REPUBLIKA.CO.ID,JAKARTA -- Pelaku usaha biro travel umroh, Muharom Ahmad menilai penyesuaian biaya referensi penyelenggaraan ibadah umroh harus dikaji secara mendalam dari dua sisi. Pertama, berapa harga riil biaya umrohnya dan kedua, bagaimana daya beli masyarakat.
"Karena kita berharap jangan sampai harga acuan baru nanti menyebabkan jumlah jamaah menurun karena daya belinya menurun," kata direktur utama Yassinta Haji Umrah itu kepada Republika.co.id, Selasa (13/10).

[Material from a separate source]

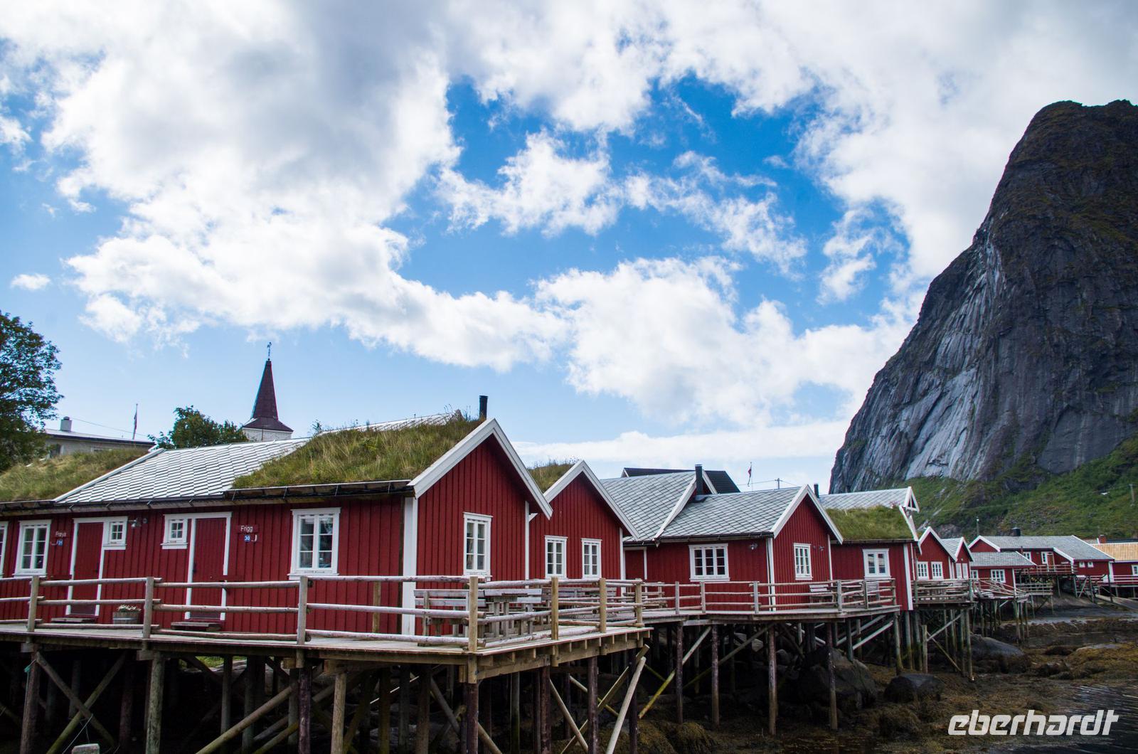 Gegen Mittag erreichten wir Reine - im Sonnenschein machte das Örtchen seinem Ruf alle Ehre: Fasziniert bewunderten wir die Kulisse aus dunkelroten Fischerhütten , tiefblauem Meer und hohen Bergen, welche bis zu 2.8 Milliarden Jahre alt sind. Es gibt wohl keinen schöneren Ort für eine Pause und den Genuss von Stockfisch (welcher seinen Geschmack übrigens noch besser mit einem Schlückchen „Wasser" entfaltet) ! Bevor wir den Rückweg nach Vestvagoy antraten, bestaunten wir noch die berühmte Lofotenwand - das Panorama der Felsen der einzelnen Inseln, die vom Meer und bestimmten Aussichtspunkten aus, wie eine einzige Felsenwand erscheinen.

Muharom ingin agar biaya ibadah umroh ini tetap terjangkau bagi jamaah. "Umroh dibuka tetapi daya beli masyarakat sedang turun dan kita menghitungnya tidak terjangkau oleh masyarakat, ya jadi enggak ada yang berangkat umrohnya, ini yang harus juga jadi pertimbangan," ucap dia.

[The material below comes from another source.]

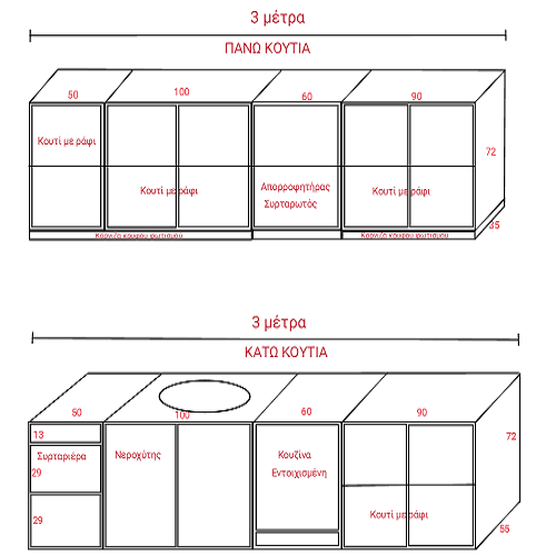 Δεν περιλαμβάνεται ο πάγκος της κουζίνας.

Muharom juga setuju biaya referensi penyelenggaraan umroh ini diubah dan disesuaikan dengan konteks pencegahan penularan wabah Covid-19. "Saya setuju, tetapi pertama, kita harus mempertimbangkan biaya riilnya, bukan menduga-duga, dan kedua, kita juga harus melihat daya beli masyarakat," lanjutnya.

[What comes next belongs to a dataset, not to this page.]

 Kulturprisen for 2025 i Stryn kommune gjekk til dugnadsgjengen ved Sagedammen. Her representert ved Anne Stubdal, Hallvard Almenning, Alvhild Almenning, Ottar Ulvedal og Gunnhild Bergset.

"Kalau dinaikkan, sementara daya beli masyarakat sedang turun di tengah pandemi, tidak ada banyak aktivitas belanja kan, malah enggak ada yang berangkat umroh," kata dia.
Muharom mengapresiasi Kementerian Agama yang ingin melakukan penyesuaian nilai atau angka referensi umroh. Namun, dia mengingatkan pengumuman resmi dari Saudi terkait standar atau makanisme baru penyelenggaraan umroh sendiri belum keluar.
"Bahwa ada asumsi kenaikan karena kapasitas pesawat lebih sedikit itu benar, tetapi apakah maskapai akan menaikkan harganya, dan berapa harganya, nah itu yang kita belum punya rilis resmi dari setiap maskapainya," imbuhnya.
"Prinsipnya kami setuju untuk menyesuaikan, tetapi besarannya akan lebih baik kalau setelah sebulan berjalan, atau setelah komponennya diketahui, ada angkanya, besarannya, barulah ditetapkan," jelasnya.